I used the line with the school students this week that it’s better to search for God with a mirror than with a flashlight.
St. Augustine kinda captured this thought when he famously wrote: “my heart is restless until it rests in you.” He was sincere in what he wrote, even if he was pathologically restless. He was sincerely searching for Love and for God. Eventually he found them in the most unexpected of all places, close to home - inside of himself. God and love had been inside of him all along, but he had hadn’t been inside of himself. Like the country singer Johnny Lee says: “He was looking for love in all the wrong places.”
In this lies a powerful lesson: When we pray, we don’t pray to make God present to us. God is already present everywhere. We pray to make ourselves present to God. Author Sheila Cassidy once put it colorfully when she wrote that God is no more present in church than in a bar, but we generally are more present to God in church than we are in a bar. The problem when we loose our passion and feel empty is not with God, but with us.
Sadly, this is also true with the beauty and richness of our own lives. When we feel our lives are dull and boring and unimportant, too often we look for beauty, and love, and grace somewhere else. In reality it is overflowing within the ordinary moments of our lives.
Bounty is there, but we aren’t. I don’t say this judgmentally, as if to suggest we are being spoiled little children who don’t appreciate what we have. We are not always aware of the beauty and richness around us because of this innate restlessness that St. Augustine talks about. Because of tiredness, distraction, anger, obsession, wounds, and hurts and resentments, or whatever the list may include. Too often we are not enough inside of ourselves to appreciate what the ordinary moments of our own lives hold. And so we begin to think our lives are impoverished, dull, boring, and not worth putting our full hearts into. The challenge for us is not to find what is fulfilling on the outside, but what’s on the inside.
It’s better to search for God with a mirror than with a flashlight!
St. Augustine was lucky enough to recognize this and found the closeness of God that he was looking for inside himself. Sometimes we are lucky enough to find this and other times our lives must be radically threatened or taken from us before we realize how rich our lives already are.

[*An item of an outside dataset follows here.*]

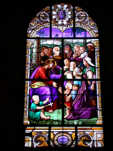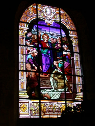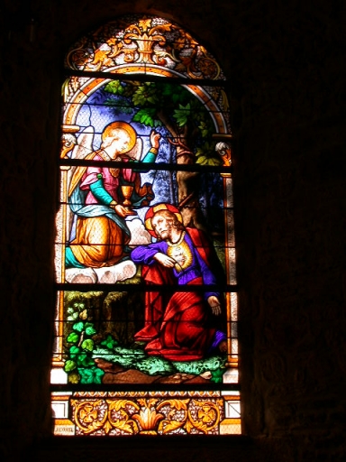 La verrière représentant la Communion de saint Jérome est copiée du tableau du Dominiquin (1630) conservé au Vatican.
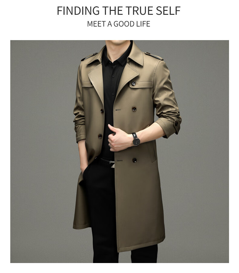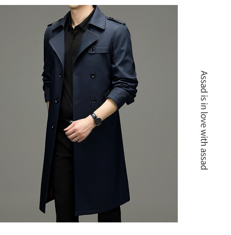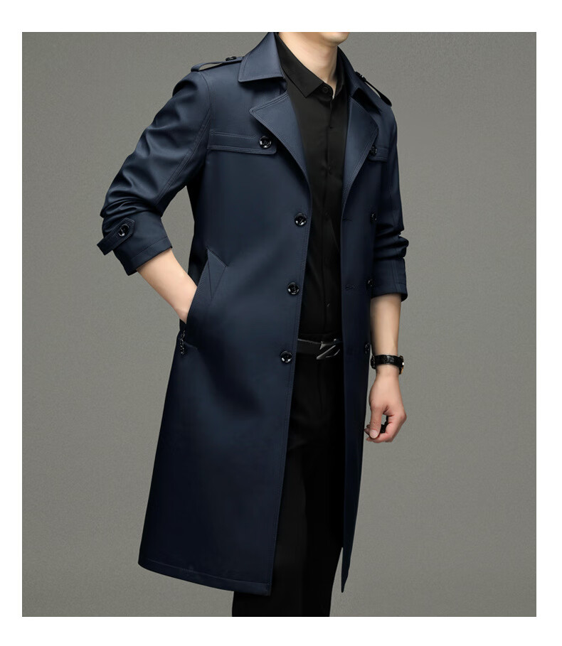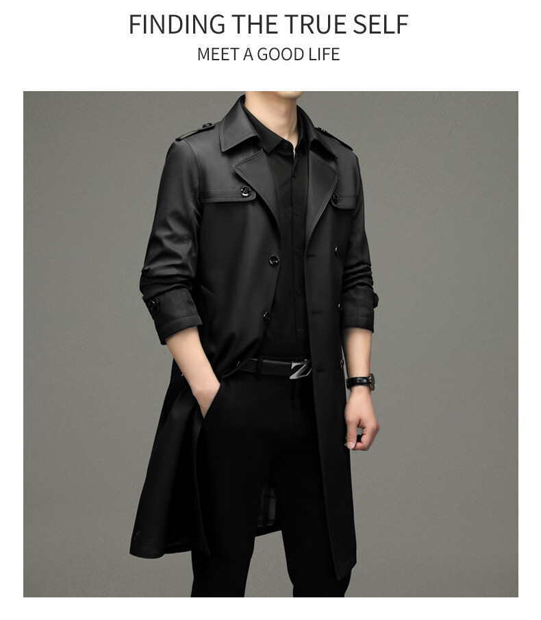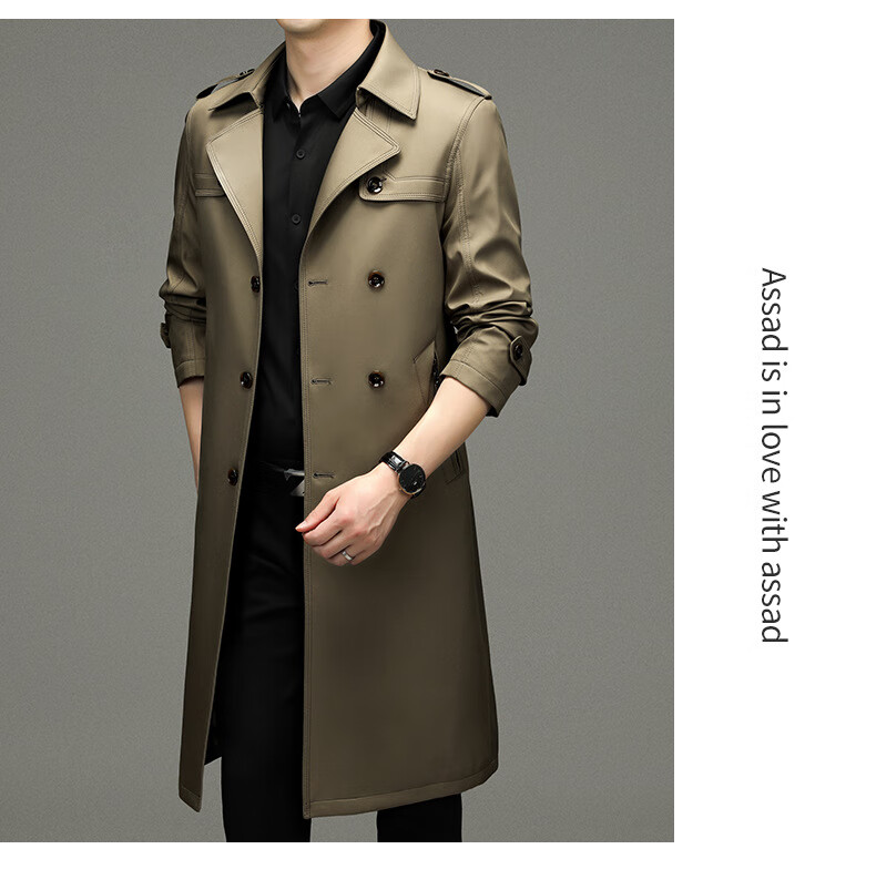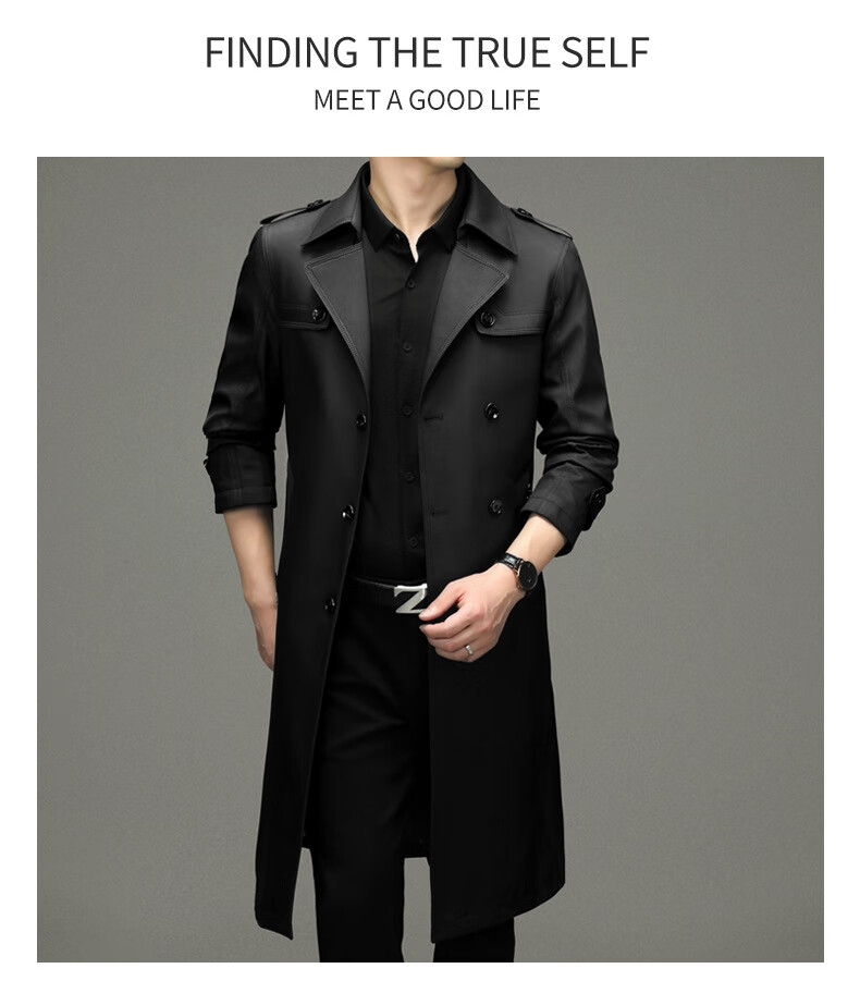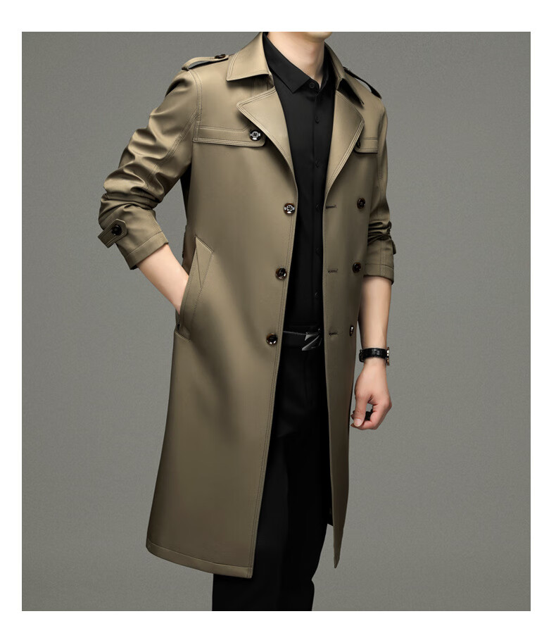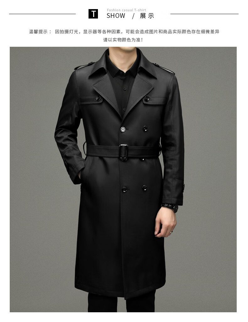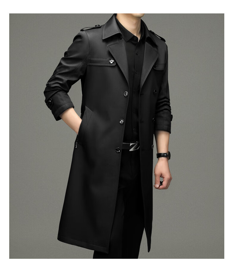 罗蒙(ROMON)男士免烫过膝长款双排扣风衣大衣2025春秋季新款长款风衣男 黑色 XL 180

Imagine if everything were taken away from you and then given back…how would that change you? The author Victor Frankl wrote the book Man’s Search for Meaning, which chronicled his experiences in the Auschwitz concentration camp. He wrote about a personal experience of being clinically dead for a few minutes. He reported that when he was revived by doctors and returned to his ordinary life, everything suddenly became very rich: “One very important aspect of post-mortem life is that everything gets precious, gets piercingly important. You get stabbed by things, by flowers and by babies and by beautiful things-just the very act of living, of walking and breathing and eating and having friends and chatting. Everything seems to look more beautiful rather than less, and one gets the much-intensified sense of miracles.”
It’s better to search for God with a mirror than with a flashlight.
The secret to finding beauty and love in life is not to search for them outside, but to recognize that they are already present. The beauty and abundance of life comes knocking, but too often we’re not home. Like the young St. Augustine, we are away from ourselves, strangers to our own experience, looking for something to give us meaning, when it is already inside of us. The trick is to come home.
Photographer Jim Brandenburg found amazing scenes in his own backyard when he took the time to stay home. When we stay home and look around, or look in the mirror what do you see. Do you see a mirror that needs to be cleaned or do we see Love and Life and God peering back at us?